以上説明したように、第１実施形態の画像処理装置によれば、被写体ごとの３次元のモデルデータが複数の階層で生成され、競技や実試合の分析結果などのコンテンツの特性を基に被写体の重要度が決定される。そして、重要度に応じて送信用モデルデータを構成するモデルデータの階層が設定されるので、インタラクティブ操作に対応した仮想視点映像のためのモデルデータを適切に生成し、且つ、効率よく送信することができる。 As described above, according to the image processing apparatus of the first embodiment, three-dimensional model data for each subject is generated in a plurality of layers, and the subject is based on the characteristics of the content such as the analysis result of the competition or the actual game. The importance of is determined. Then, since the hierarchy of the model data that constitutes the model data for transmission is set according to the importance, the model data for the virtual viewpoint video corresponding to the interactive operation should be appropriately generated and efficiently transmitted. Can be done.

＜第２実施形態＞
第２実施形態では、被写体の競技への関与度と注目度、ユーザの嗜好性から属性データを修正する構成に関して説明する。なお、第１実施形態と重複するシステム、処理の説明は省略する。 <Second Embodiment>
In the second embodiment, the configuration for modifying the attribute data from the degree of involvement and attention of the subject in the competition and the preference of the user will be described. The description of the system and the process that overlap with the first embodiment will be omitted.

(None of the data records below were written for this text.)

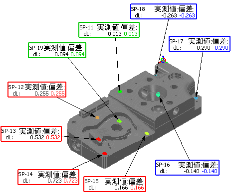 PowerInspect は異なる色を使用して、CAD ビューに表示される各ポイントの測定ステータスを示します。
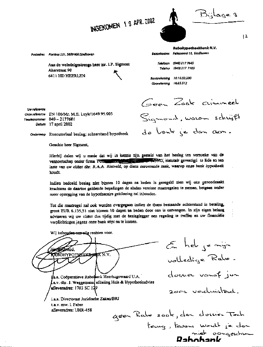 Erkenning van mr. Sigmond dat hij op 28-3-2002 wist van de documenten
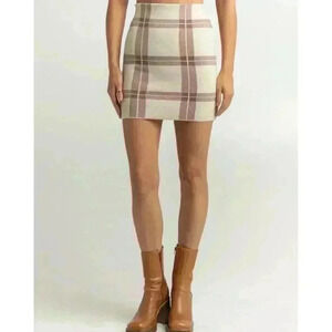 Tillys Full Tilt Plaid Sweater Skirt Cream Combo Medium Mini Skirt
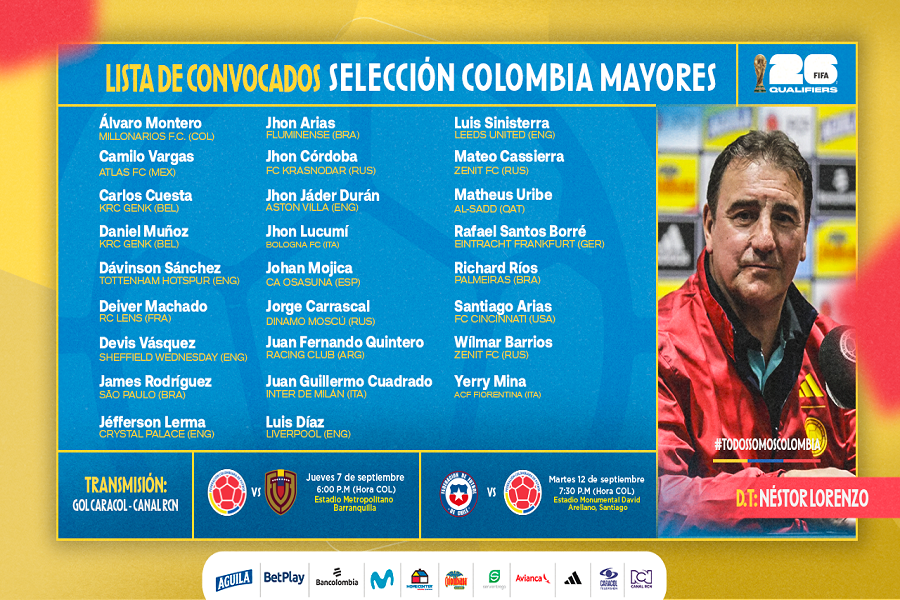El Departamento Deportivo de la Federación Colombiana de Fútbol – FCF y el cuerpo técnico de la Selección Colombia de Mayores, que es liderado por el director técnico Néstor Lorenzo, se permiten informar la lista de jugadores convocados para los partidos correspondientes a las fechas 1 y 2 de las Clasificatorias Conmebol, para la Copa Mundial de la FIFA™ 2026, en donde la Selección Nacional enfrentará a sus similares de Venezuela en Barranquilla y Chile en Santiago.
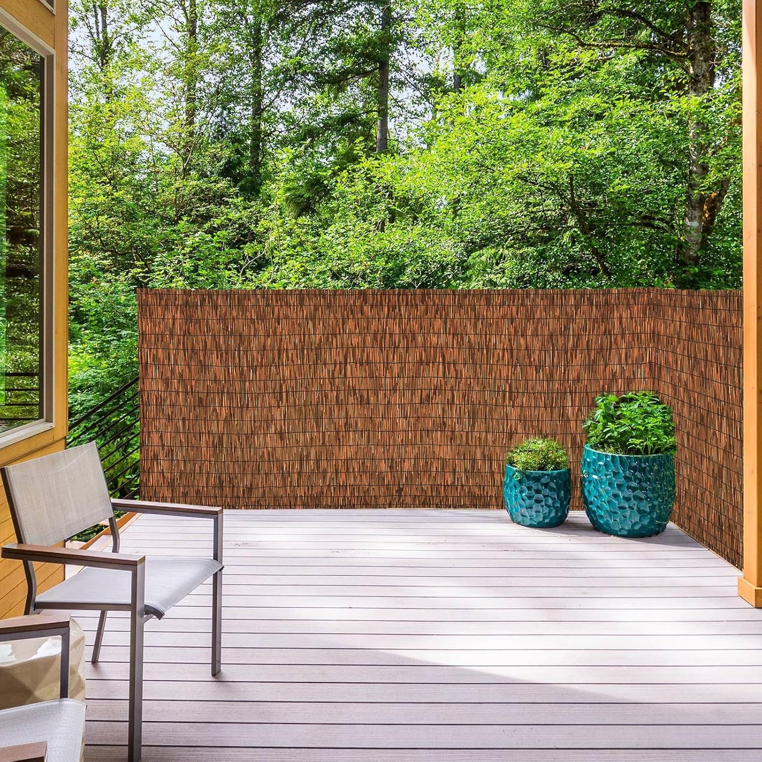Brown 2 Pack 4FT X 16.4FT Reed Fencing Roll, Balcony Privacy Shade Reed Bamboo Fencing Garden Fence Border, Wind Block Sunshade Fence Screen for Outdoor Yard Patio Flower Bed Edge
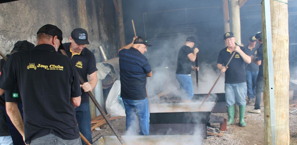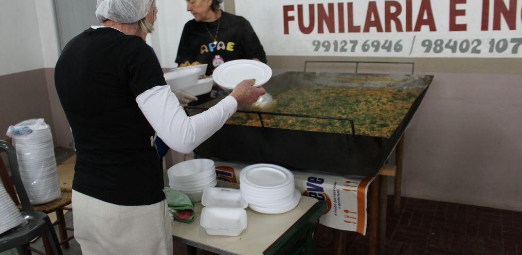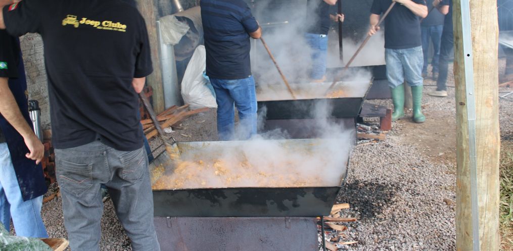 De acordo com ele, a Apae é responsável por providenciar os ingredientes e a quantidade de ingressos vendidos. O Jeep Clube, então, se mobiliza prepara o risoto, leva o tradicional tacho até o salão e serve os participantes.

第１実施形態では、競技の種類、エリア、重要なプレー等の発生イベントを用いて、各被写体のモデルデータの重要性を判断し、使用する階層を決定した。第２実施形態では、さらに被写体である選手の注目度（例えば、有名選手か否か）、ユーザの嗜好性（例えば、好きな選手か否か）、競技への関与度（例えば、ボールとの距離）を用いて要求階層を変更する。図１２（ａ）において、表１２ａは、注目度、嗜好性、関与度に基づく階層の変更例を示している。ボールと選手との距離である関与度は、ＣＰＵ１０１が、映像データを解析して自動的に取得する。注目度、嗜好性は、ユーザ端末１３０上の所定のユーザインターフェースを介してユーザが設定した内容である。ユーザによる設定は、ユーザ端末１３０から通信により画像処理装置１００へ通知される。表１２ａの要求階層の欄は、属性データに基づいて決定された各被写体のモデルデータの階層の例である。また、表１２ａのＳ１２０１、Ｓ１２０３の欄に記載された階層は、それぞれ、図１２（ｂ）のフローチャートのＳ１２０１、Ｓ１２０３において、注目度、嗜好性、関与度に基づいて変更された後の階層を示している。 In the first embodiment, the importance of the model data of each subject is determined by using the occurrence event such as the type of competition, the area, and the important play, and the hierarchy to be used is determined. In the second embodiment, the degree of attention of the player who is the subject (for example, whether or not it is a famous player), the user's preference (for example, whether or not it is a favorite player), and the degree of involvement in the competition (for example, with the ball). Change the request hierarchy using distance). In FIG. 12 (a), Table 12a shows an example of changing the hierarchy based on the degree of attention, the degree of preference, and the degree of involvement. The CPU 101 automatically acquires the degree of involvement, which is the distance between the ball and the player, by analyzing the video data. The degree of attention and preference are contents set by the user via a predetermined user interface on the user terminal 130. The setting by the user is notified from the user terminal 130 to the image processing device 100 by communication. The column of the request hierarchy in Table 12a is an example of the hierarchy of model data of each subject determined based on the attribute data. Further, the hierarchies described in the columns S1201 and S1203 of Table 12a are the hierarchies after being changed based on the degree of attention, the degree of preference, and the degree of involvement in S1201 and S1203 of the flowchart of FIG. 12B, respectively. Shows.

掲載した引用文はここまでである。